***** Given records

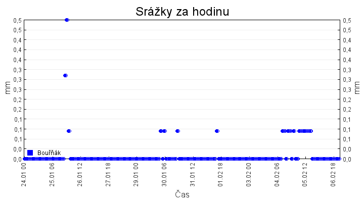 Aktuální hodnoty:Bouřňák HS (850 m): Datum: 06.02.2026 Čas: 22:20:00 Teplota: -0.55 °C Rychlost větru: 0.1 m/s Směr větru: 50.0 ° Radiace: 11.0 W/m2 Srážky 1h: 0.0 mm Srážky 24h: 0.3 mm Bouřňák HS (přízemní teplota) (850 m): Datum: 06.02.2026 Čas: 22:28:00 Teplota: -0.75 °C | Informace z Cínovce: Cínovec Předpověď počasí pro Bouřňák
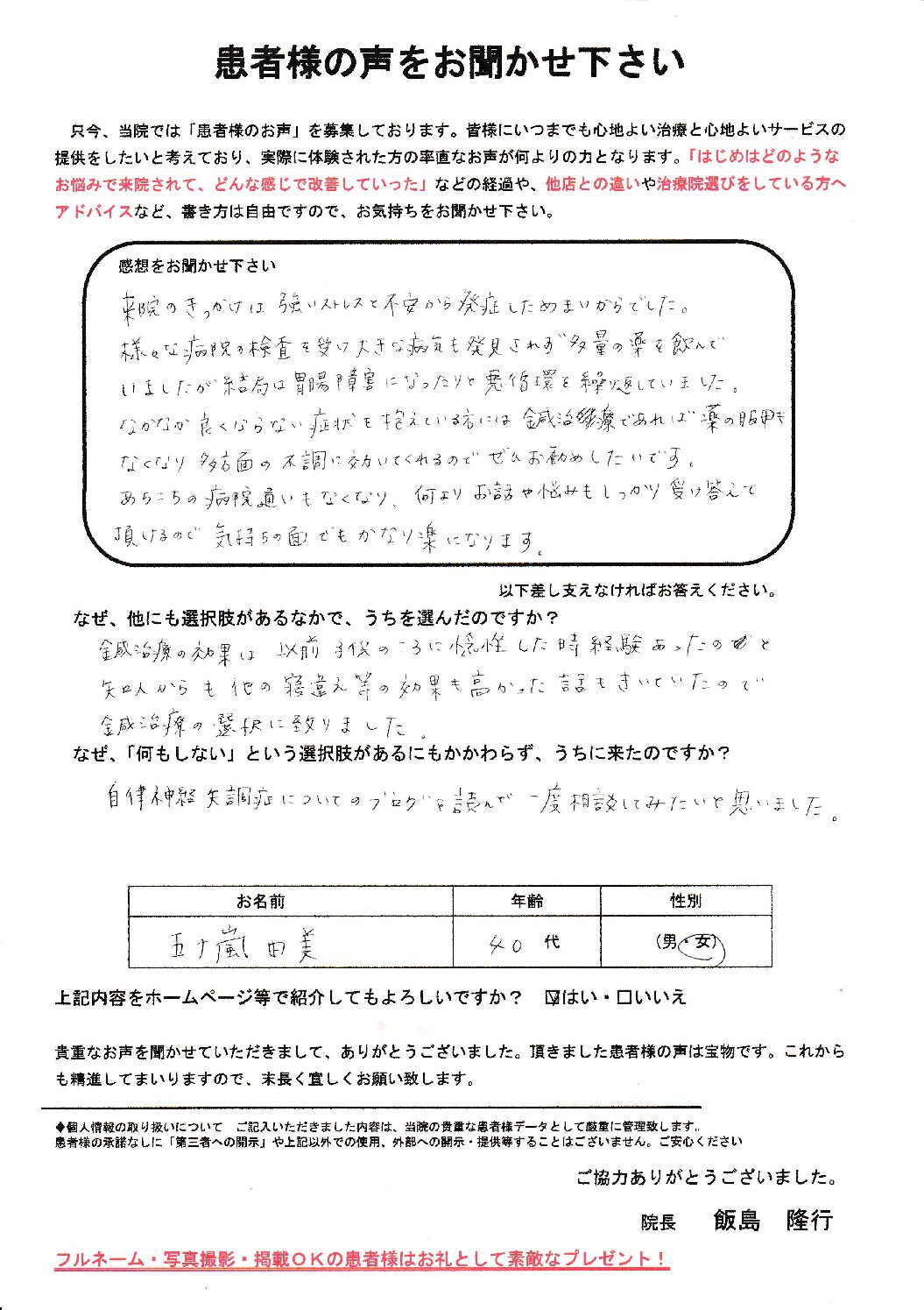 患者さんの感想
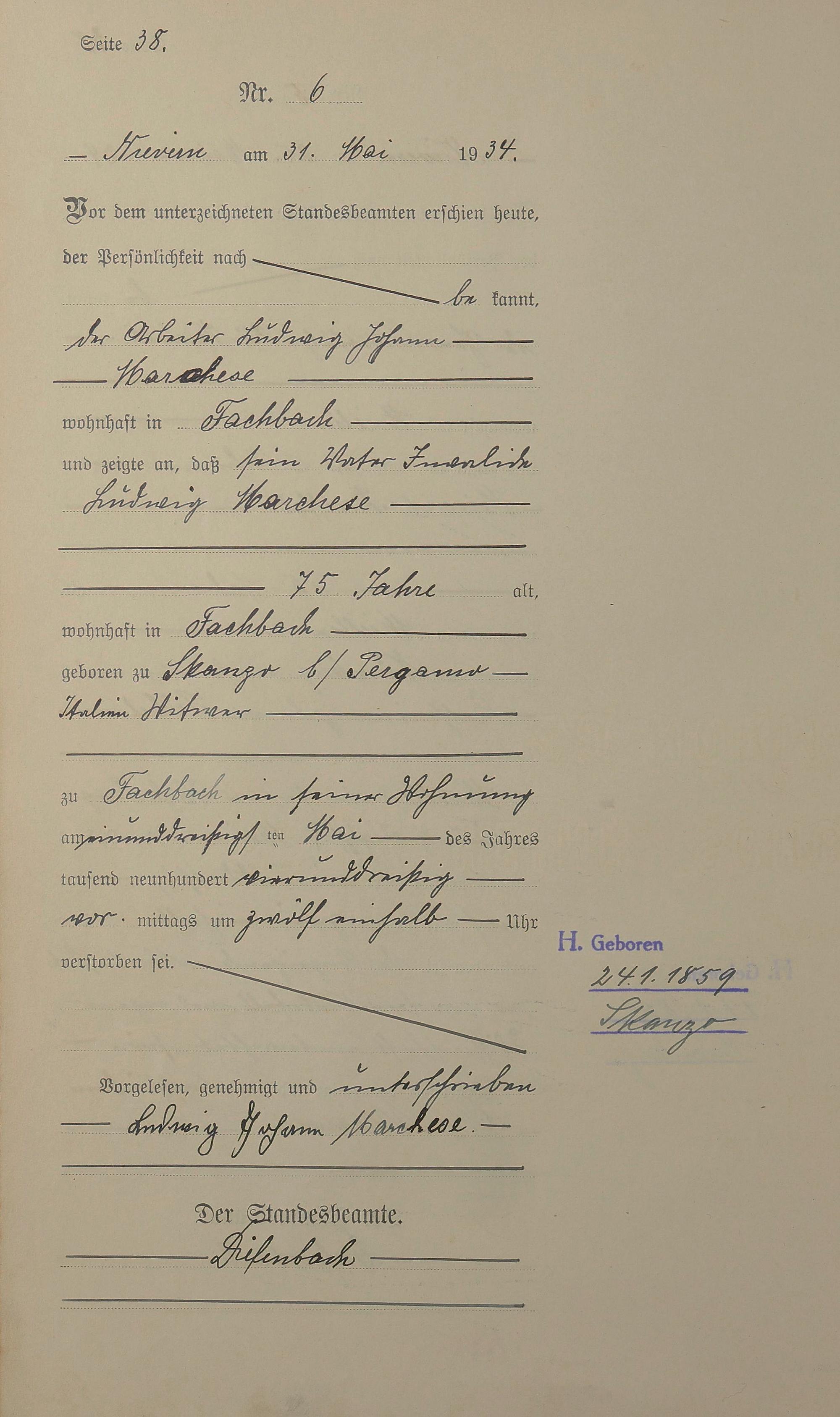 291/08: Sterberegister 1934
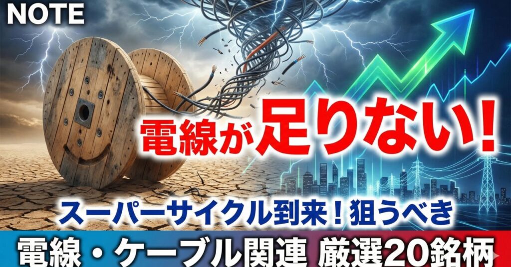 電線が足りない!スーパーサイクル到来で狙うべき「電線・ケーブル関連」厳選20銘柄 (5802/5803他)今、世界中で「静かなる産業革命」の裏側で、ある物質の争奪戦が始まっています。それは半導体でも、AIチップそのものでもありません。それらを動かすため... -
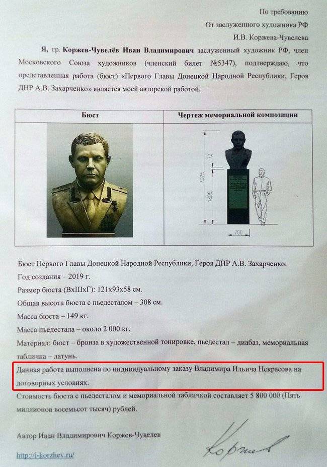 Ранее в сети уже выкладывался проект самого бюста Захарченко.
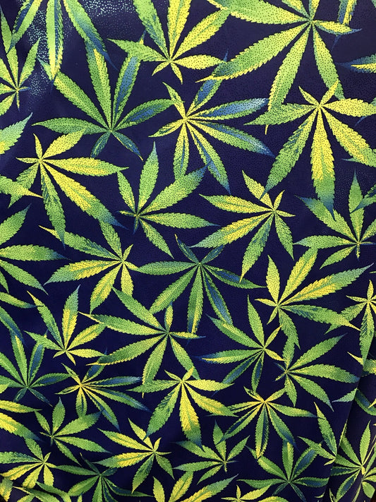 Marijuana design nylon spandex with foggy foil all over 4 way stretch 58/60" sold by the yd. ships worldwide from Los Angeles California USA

**********
***** Given records

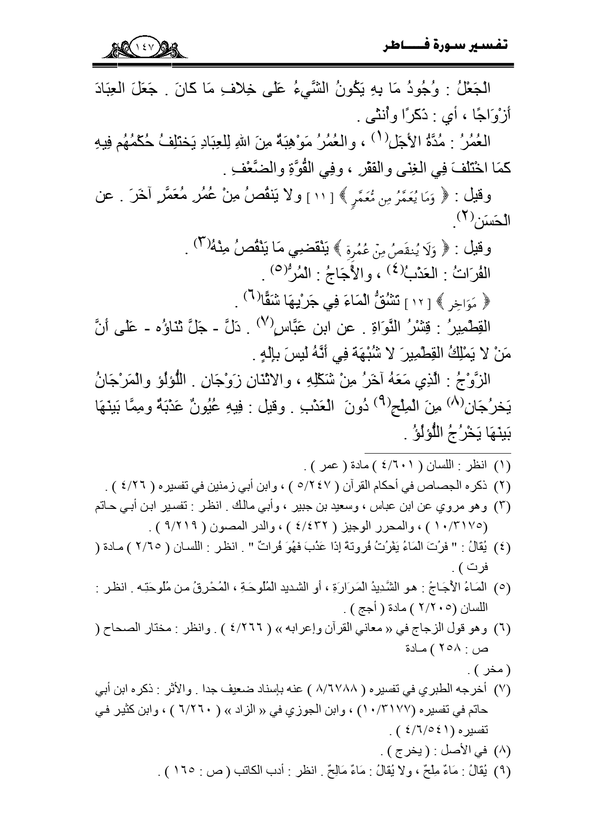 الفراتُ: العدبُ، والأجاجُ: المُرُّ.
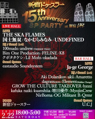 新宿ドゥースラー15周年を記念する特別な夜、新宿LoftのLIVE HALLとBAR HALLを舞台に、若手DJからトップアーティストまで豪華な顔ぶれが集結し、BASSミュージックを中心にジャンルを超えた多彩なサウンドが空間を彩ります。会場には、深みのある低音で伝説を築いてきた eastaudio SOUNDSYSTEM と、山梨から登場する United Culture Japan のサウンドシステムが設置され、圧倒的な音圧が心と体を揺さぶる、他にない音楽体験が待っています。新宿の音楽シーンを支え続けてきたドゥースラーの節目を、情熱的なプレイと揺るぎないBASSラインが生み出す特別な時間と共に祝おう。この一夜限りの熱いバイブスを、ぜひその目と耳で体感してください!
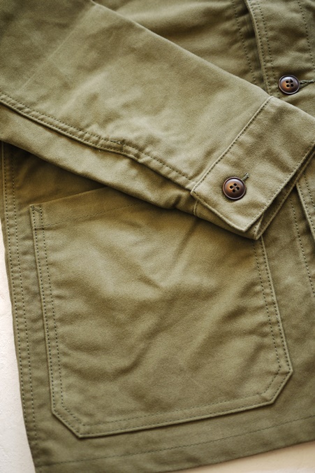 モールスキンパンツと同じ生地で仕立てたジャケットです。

**********

*Problem description:* Reproduce exactly the lines above starting at the line containing "eastaudio SOUNDSYSTEM と、山梨から登場する" and ending at the line containing "モールスキンパンツと同じ生地で仕立てたジャケットです。", including both, but not the pictures.

*Task result:*
 新宿ドゥースラー15周年を記念する特別な夜、新宿LoftのLIVE HALLとBAR HALLを舞台に、若手DJからトップアーティストまで豪華な顔ぶれが集結し、BASSミュージックを中心にジャンルを超えた多彩なサウンドが空間を彩ります。会場には、深みのある低音で伝説を築いてきた eastaudio SOUNDSYSTEM と、山梨から登場する United Culture Japan のサウンドシステムが設置され、圧倒的な音圧が心と体を揺さぶる、他にない音楽体験が待っています。新宿の音楽シーンを支え続けてきたドゥースラーの節目を、情熱的なプレイと揺るぎないBASSラインが生み出す特別な時間と共に祝おう。この一夜限りの熱いバイブスを、ぜひその目と耳で体感してください!
 モールスキンパンツと同じ生地で仕立てたジャケットです。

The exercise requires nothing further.